Polygon Hermez zkEVM uses STARK proof circuits to generate validity proofs for state transitions. STARK proofs verify the correctness of STARK proofs (considered as generating "proofs of proofs") and are submitted to Ethereum for verification.

zkSync zkEVM

zkSync is an EVM-compatible ZK-rollup developed by Matter Labs and powered by its own zkEVM. zkSync implements compatibility with Ethereum using the following strategies:

1. Compiling contracts written in Solidity into Yul, an intermediate language that can be compiled into bytecode for different virtual machines.

2. Recompiling Yul bytecode (using the LLVM framework) into a custom, circuit-compatible bytecode set specifically designed for zkSync's zkEVM.

Like Polygon Hermez, zkSync zkEVM achieves EVM compatibility at the language level rather than the bytecode level. For example, zkSync's zkEVM does not support traditional multiplication and addition opcodes (ADDMOD, SMOD, MULMOD).

Scroll zkEVM

Scroll is a new zero-knowledge EVM implementation currently under development. The Scroll team plans to design zero-knowledge circuits for each EVM opcode. This will allow developers to deploy Ethereum-native smart contracts on Scroll without modifying the underlying EVM bytecode.

Additionally, Scroll zkEVM will use a "cryptographic accumulator" to verify the correctness of storage. This is used to prove that the contract bytecode is correctly loaded from a given address.

It also provides a circuit that links bytecode to execution traces. An execution trace is a sequence that specifies which VM instructions were executed and in what order. The prover will submit the execution trace during proof generation to verify that the computation aligns with the original bytecode.

Applied ZKP zkEVM

Applied ZKP is a project funded by the Ethereum Foundation aimed at developing an EVM-compatible ZK-rollup and a mechanism for generating validity proofs for Ethereum blocks. The latter part is crucial, as pairing blocks with validity proofs will eliminate the need for nodes to re-execute blocks.

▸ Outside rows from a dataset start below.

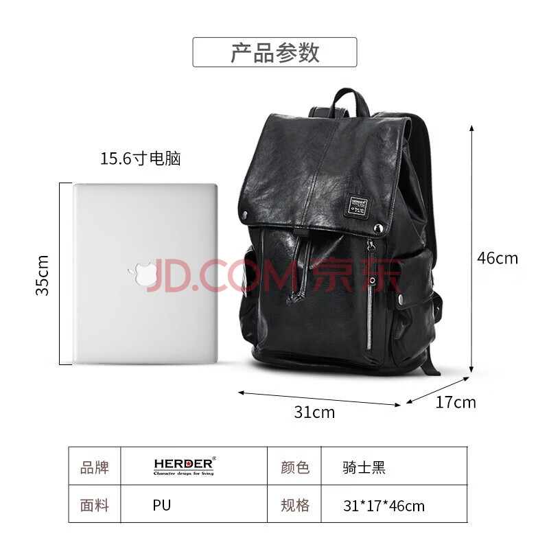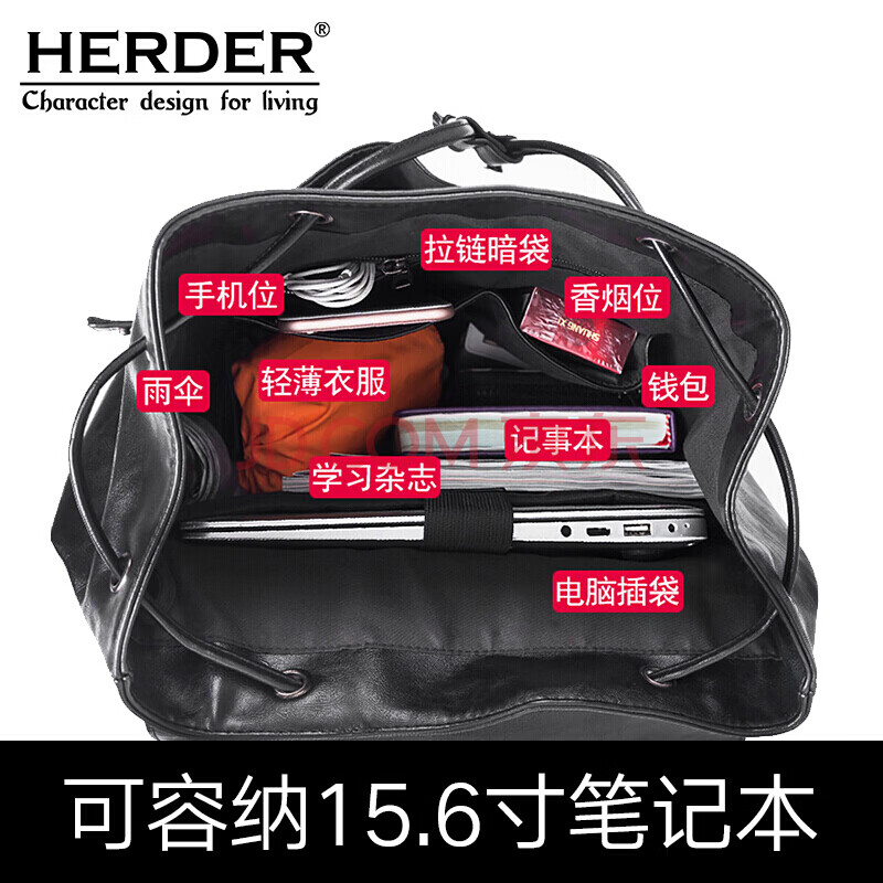 商品相册:赫登尔(herder)双肩包男潮流旅行休闲背包15.6英寸电脑包大容量大中学生书包第
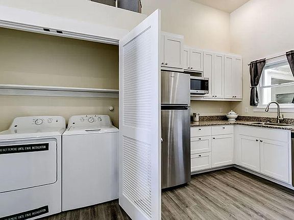 Living in Cottage Grove's historic Bank Building is truly unique. Experience the energy of urban living while embracing the close-knit community found only in a small town. Apartment 202 is a new, 3-bedroom, 1-bath with 12-foot high ceilings. The large windows throughout naturally bathe the multiple rooms with loads of light. The living room's windows overlook Cottage Grove's historic downtown. The master bedroom's enormous bay windows allow you to see all the way up and down Main Street, as well as the surrounding hills as they shimmer with delight on a clear, sunny day. The new, wrap-around kitchen is a cook's delight with stainless steel dishwasher, gas cook stove and oven, microwave, and refrigerator-freezer. And, you'll love the granite-like countertops and custom cabinets. Each of the bedrooms have oversize 7-foot windows with safety latches for children, and large, deep windowsills to sit yourself or plants on. The bathroom has a historic-looking tiled floor with a porcelain tub-shower. Clothes are easily laundered with the apartment's own new washer and dryer. And, the heat pump will economically keep you cozy in the winter and cool in the summer. Safely located on the second floor behind a locked door, each of the six upstairs apartments are just a few steps from the Community Parlor. It's filled with stuffed chairs, love seats, wooden tables, and a push-button gas fireplace. Relax and sit quietly by the fireplace and read a captivating book about love and mystery. Or, if you prefer, you're also welcome to grab the folded tables and chairs from the closet and have a "Potluck in the Parlor" with your neighbors. Play table games. Laugh out loud. Break bread together. Enjoy your community. Need additional room for items you want to access but don't need often? More storage is just down the hall. This beautiful, unique apartment is inside the historic Bank Building, centrally located in Cottage Grove's downtown historic district. Built in 1904, the Building's renovation is nearly complete and includes new plumbing, electrical, cable, and windows throughout. In the downstairs will soon be an old-fashioned eatery (coffee, ice cream, and restaurant), reception area and visitor center, private offices, personal desks, and co-working space. Windermere Real Estate will be an anchor tenant. Within just a four-block radius of the Bank Building are nine unique restaurants; from white tablecloth to family-style to grab-and-go. The historic downtown district has multiple specialty gift stores, antique shops, three independent bookstores, and more professional offices. Cottage Grove is a small-town of 10,000 and just 25 minutes from Eugene-Springfield. The area has two lakes, two rivers, two golf courses, five wineries, six historic covered bridges, and miles and miles of walking, biking, and hiking trails. The five-block historic downtown is the most intact collection of early twentieth century buildings in Lane County. And, the downtown is at the trailhead of one of Oregon's most spectacular bike routes: the famed 14-mile, paved Row River Trail, which meanders along lakes, rivers, covered bridges, scenic viewpoints, farms, and picnic areas. Welcome to your new home. Owner will pay for Water/Sewer and Garbage. Tenant will pay for Electricity, gas, cable, and internet. Street parking only
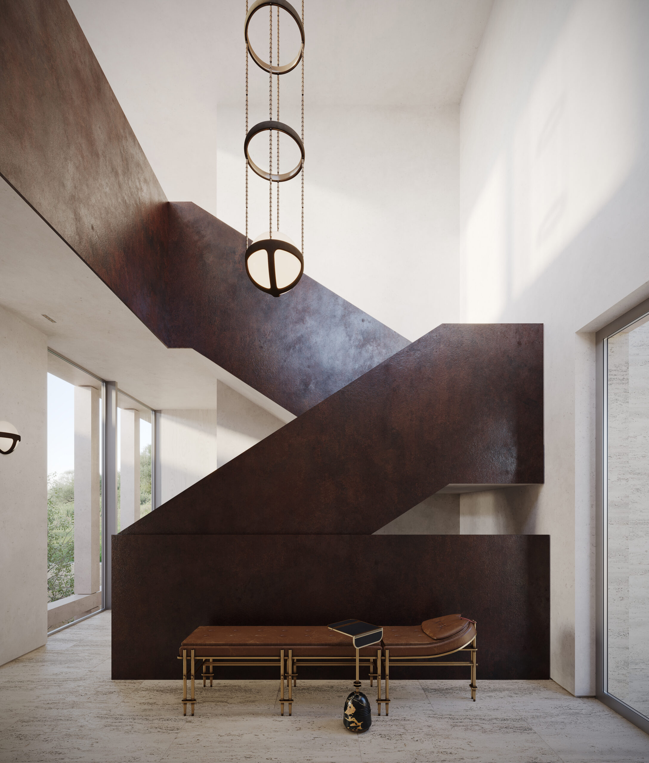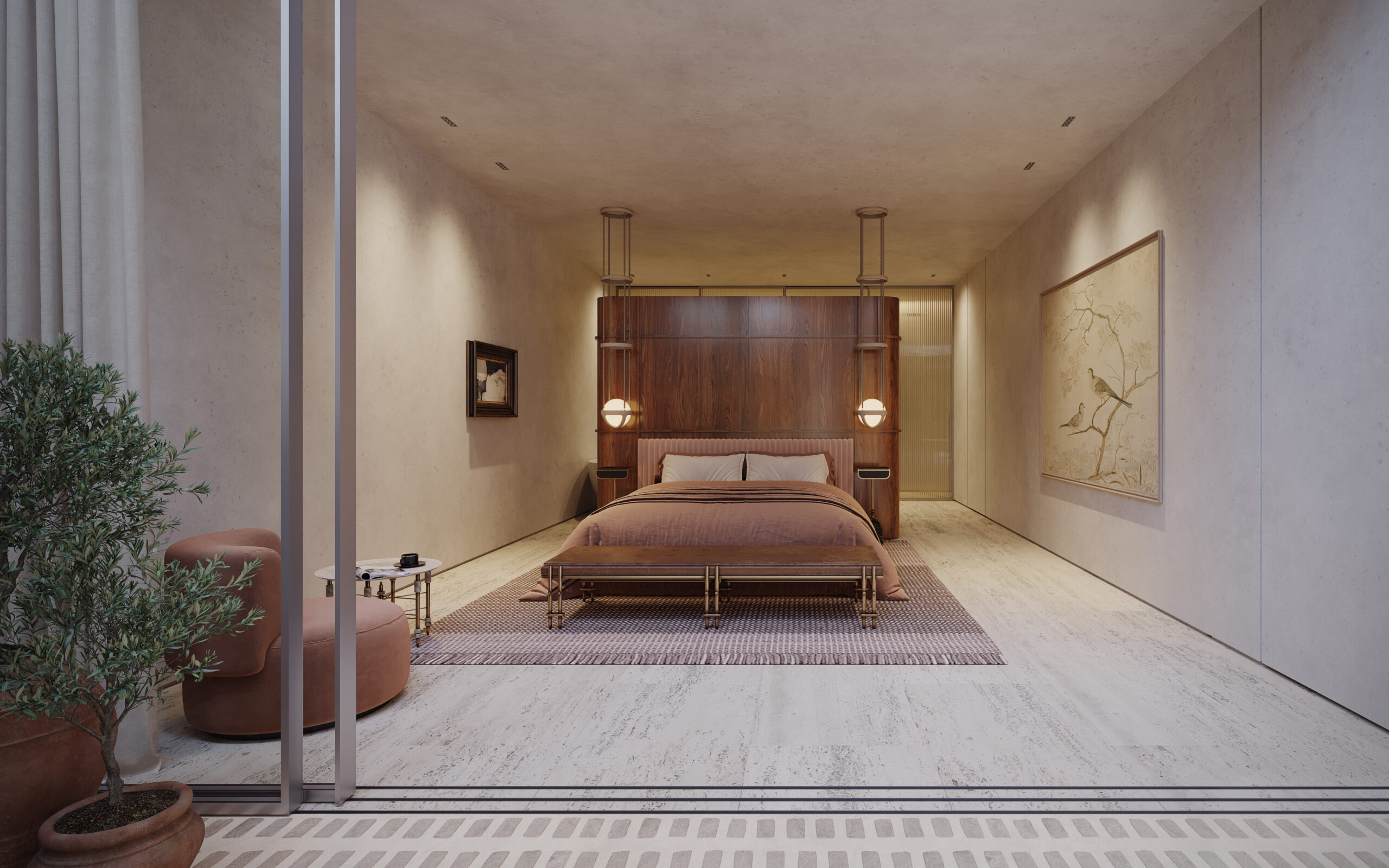 The main living space is open-plan and bathed in natural light, with retractable glass walls that open onto a large terrace, gardens, and a private swimming pool—creating a seamless connection between indoor elegance and outdoor splendor. The bespoke kitchen and refined dining area are ideal for entertaining, while a separate bedroom wing ensures privacy and calm. The dramatic seven-meter-high concourse leads to the first-floor master suite tower, offering stunning sea views and access to a secluded upper garden and pergola—perfect for intimate gatherings or peaceful reflection.
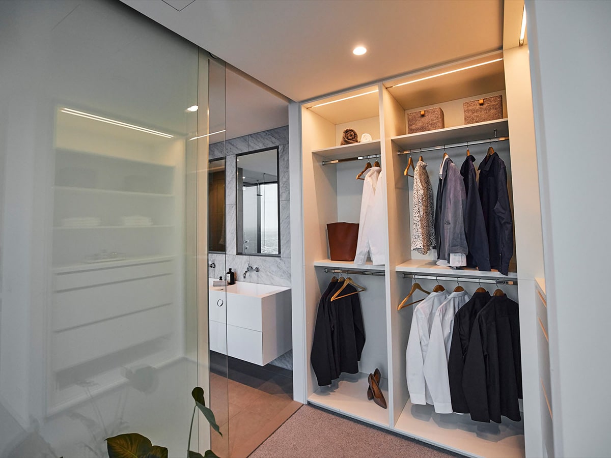 The apartment boasts floor-to-ceiling glass and sweeping panoramas from multiple aspects. Each room embraces grand vistas from every room, letting an abundance of natural light in. The entertainer’s kitchen and bathrooms are dressed in natural stone, with high-quality finishes and premium European appliances. For the ultimate party host, selected apartments even feature a hidden scullery or butler’s pantry. Cloud Residents enjoy an opulent master bedroom, where a large walk-in-robe leads into an elegant ensuite with a standalone bath.
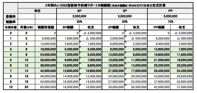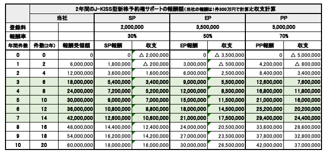 当社の計画では、J-KISS型新株予約権の自己募集スキームのコンサルティング業務だけでも、パートナー1社あたりの案件獲得は、年間で3件~7件と見込んでいます。平均的な報酬で計算を行った場合の、各パートナー区分における2年間の獲得件数別の報酬見込み額は以下の通りです。
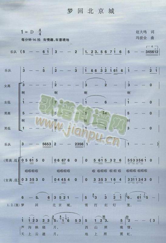 [五字歌谱]梦回北京城[彩谱] 宋祖英
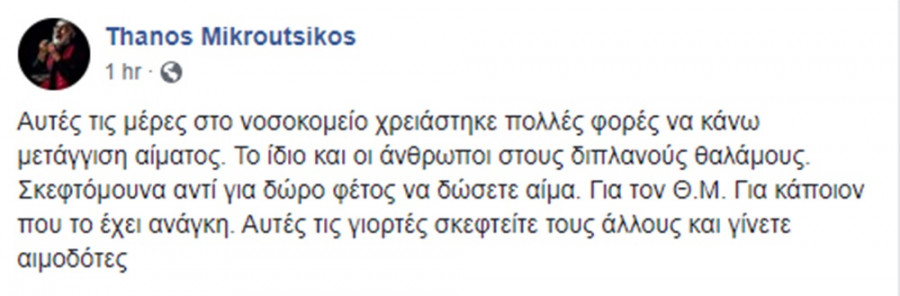 Πριν από λίγες ημέρες, είχε στείλει ένα ξεχωριστό μήνυμα προς όλους τους φίλους του, μέσω των social media, ενώ νοσηλευόταν σε ιδιωτικό θεραπευτήριο:
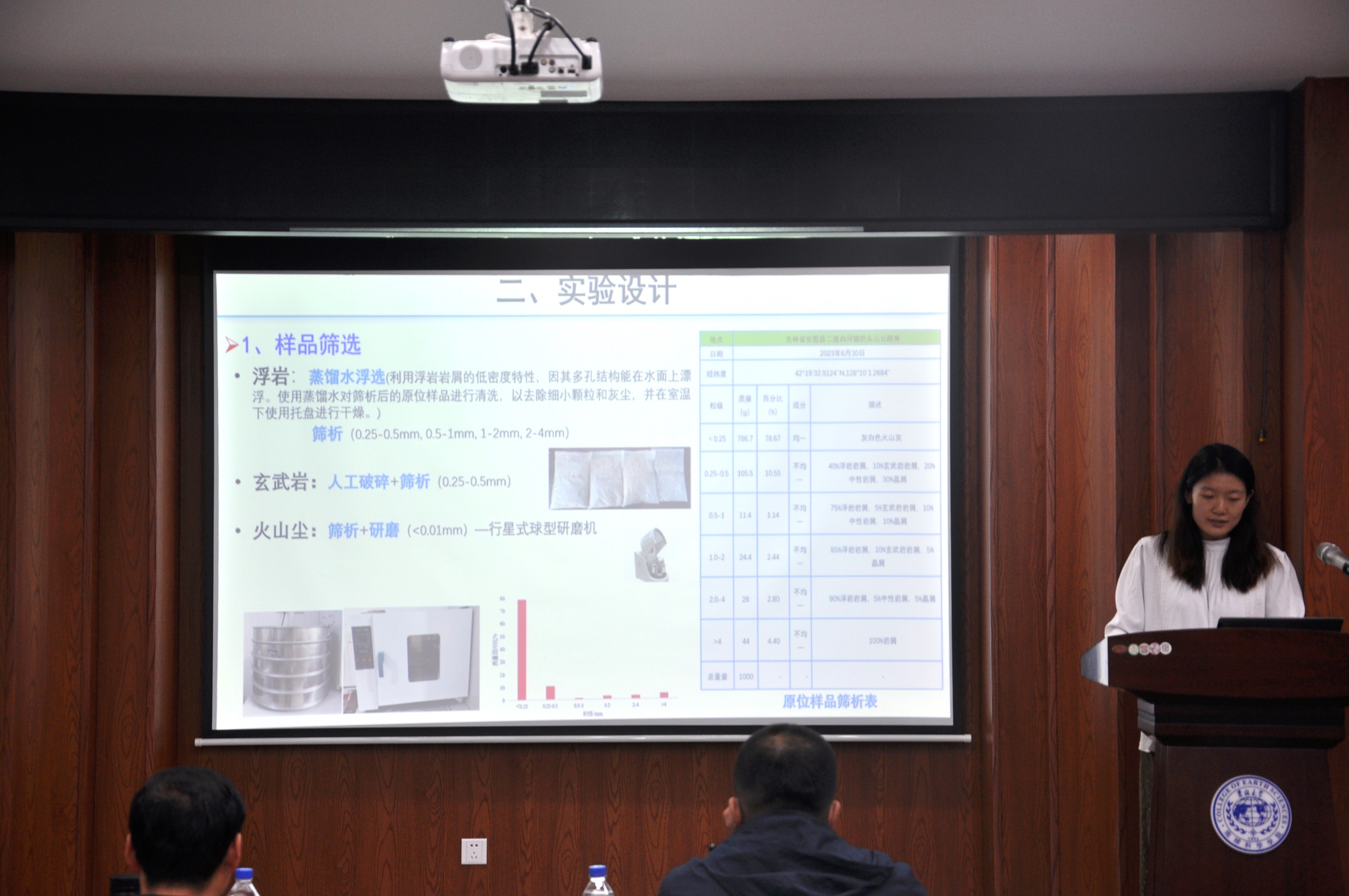 活动上,冯永博同学横向对比全球51个富油气超级盆地勘探进展与构造演化并阐述规律特征,张亚东同学对全球51个富油气超级盆地烃源岩进行横向对比并阐释规律,付琦同学则对全球51个富油气超级盆地盖层展开横向对比并解析规律特征;董自强同学分析查干花次凹火石岭组火山碎屑岩储层的岩性岩相、储集空间类型及构造环境,建立“构造-风化-岩相”三元耦合控储模式;李媛媛同学运用高压压汞和核磁共振技术联合表征储层全尺度孔隙结构特征,研究孔喉分形特征及分形维数与储层物性、孔喉结构参数的关系;张莹同学探讨松辽盆地火山岩相模式及其储层意义,纪泽雨同学研究浮岩和火山尘对火山碎屑堆积物机械压实的影响;李馨瑜同学系统综述玄武岩中CO₂矿化的基本机理、岩性与矿物学差异对矿化效率的影响及不同类型玄武岩的封存特征对比,为工程应用提供理论与实践参考;于雨桐同学研究东海盆地西湖凹陷火成岩储层特征,明确优质储层特点、控制因素及成因并建立储层分布模式;黄昱皓同学探讨上沧-华蓥山-沙腔地区峨眉山玄武岩主微量分析及构造环境推断,马梦南同学结合钻井地球化学特征与岩心精细观察建立峨眉山玄武岩组地层序列和形成发育模式。
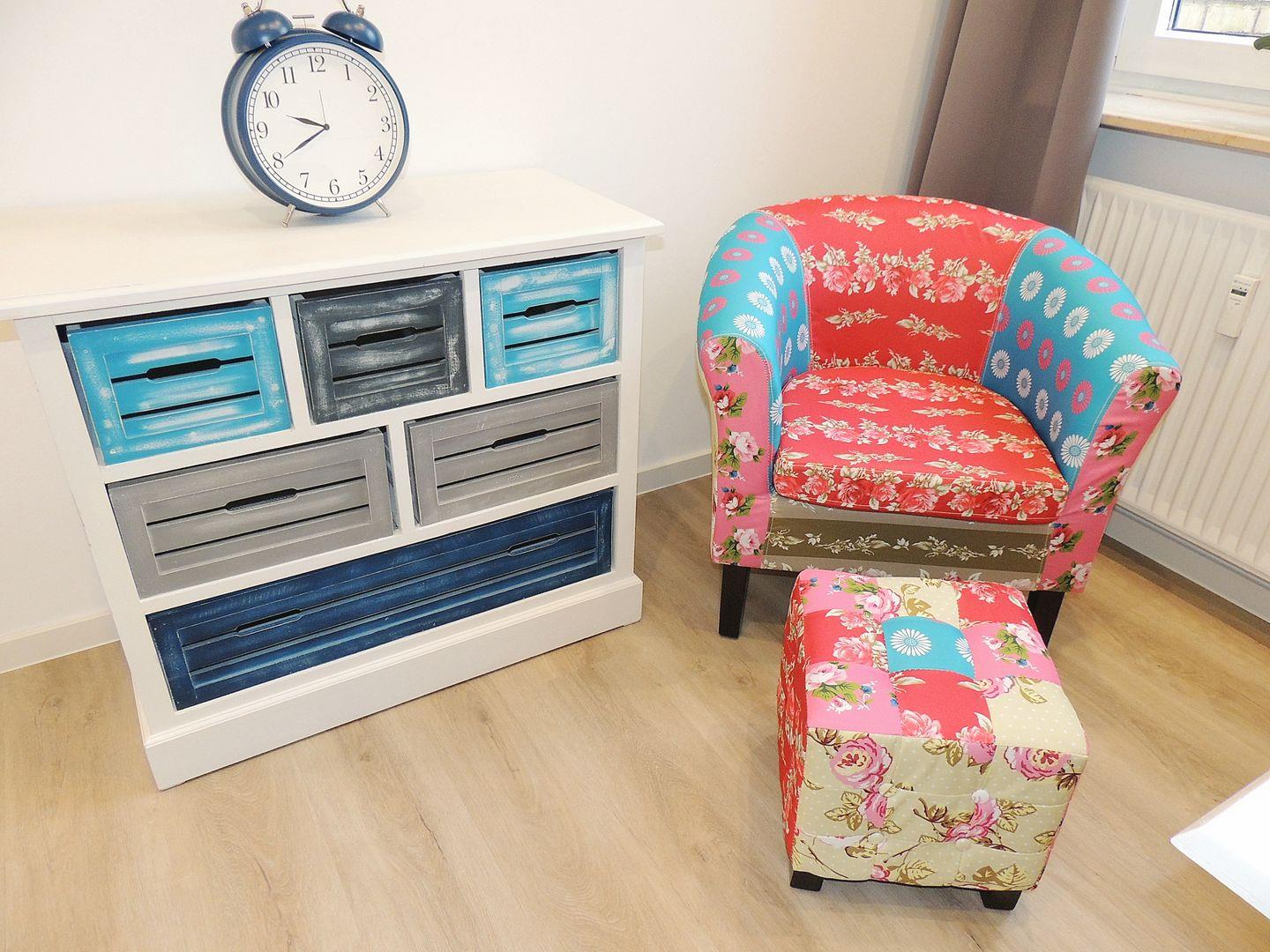 Im Wohnbereich befindet sich, durch eine 3/4-Wand abgetrennt, der Schlafbereich mit Doppelbett mit zwei einzelnen Matratzen (Größe 90*200 cm). Die Steckdosen verfügen über einen USB-Anschluss zum Laden entsprechender Geräte.
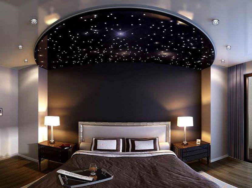 - Точечная. Источники света устанавливаются по-отдельности, создавая имитацию звёздного неба. Для них в полотне делают специальные отверстия, это достаточно сложный и длительный процесс. Лучи света направляются от потолочной поверхности к полу или стенам.
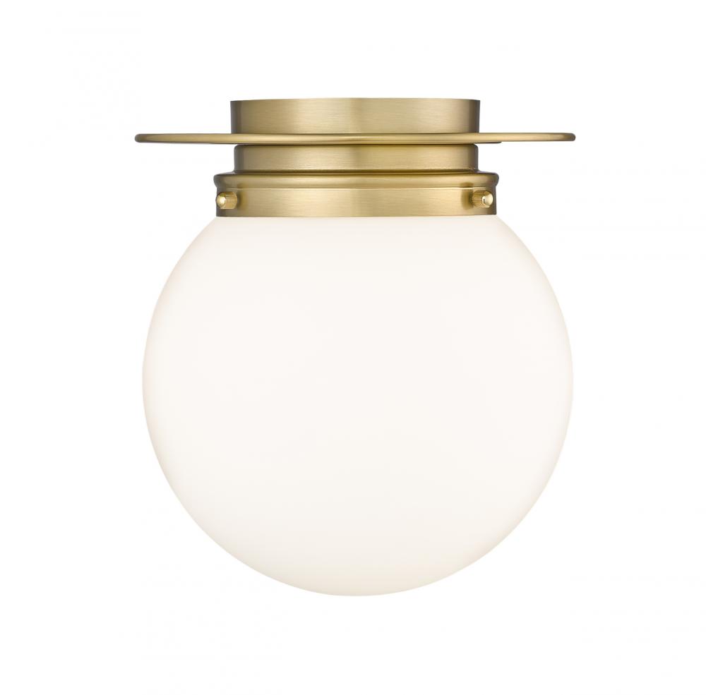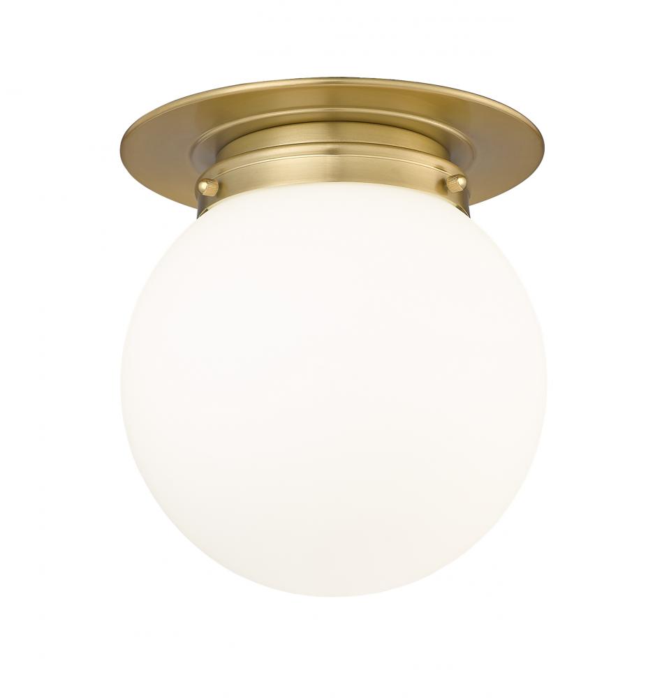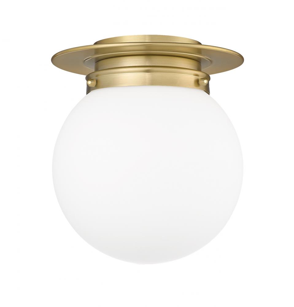 From the Calhoun collection comes a chic one-light flush mount mixing Mid-Century Modern and Schoolhouse motifs, delivering a clean artistic look in any application. This chic fixture stands out with a white glass globe attached to heritage brass steel framing and metal accents, creating a warming impact and a signature statement.
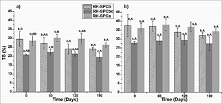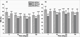 Figs. 3 and 4 display the evolution of thickness swelling (TS) and water absorption (WA) of the boards, respectively, with time. Uncoated boards (RH-SPCb and RH-SPCa) exhibited similar TS and WA values at 2 and 24 h. Contrarily, RH-SPCbc registered the lowest TS and WA values (p < 0.05) at 2 h and 24 h. The coating applied over the surface of the particleboards restricts the possibility of water molecules to diffuse inside the core of the panels, limiting TS and WA. Our results agreed well with those reported by Nemli et al., [37], who found that surface coating improved the TS of panel. The TS and WA of RH-SPCb, RH-SPCbc and RH-SPCa were lower than those reported in the literature, such as Li et al., [5] and Jonoobi et al., [41], who measured TS and WA in composites from rice straws and sugarcane bagasse, respectively, both bonded with urea-formaldehyde resin (UF). Moreover, TS and WA of RH-SPCbc at 24 h of immersion were competitive with those reported by Leiva et al., [11], for boards elaborated with rice husk and UF adhesive, and with those reported by Kwon et al., [13], for rice husk boards using phenol-formaldehyde as binder.

The innovation of Applied ZKP lies in the separation of computation and storage. It uses two types of validity proofs—state proofs and EVM proofs:

State Proofs

Check whether operations involving storage, memory, and stack occurred correctly. State proofs essentially verify the accuracy of read and write operations.

EVM Proofs

Check whether the correct opcodes were called at the right times. EVM proofs validate the computation itself and confirm that state proofs executed the correct operations for each opcode.

Applied ZKP zkEVM uses bus mapping to link state proofs and EVM proofs. Furthermore, both proofs must be verified before an Ethereum block is considered valid.

Where Are We in the Development Progress of zkEVM?

Apart from zkSync, most zero-knowledge EVMs are still under development. However, the continuous advancement of zero-knowledge technology means that the prospects for a fully functional zkEVM are better than ever.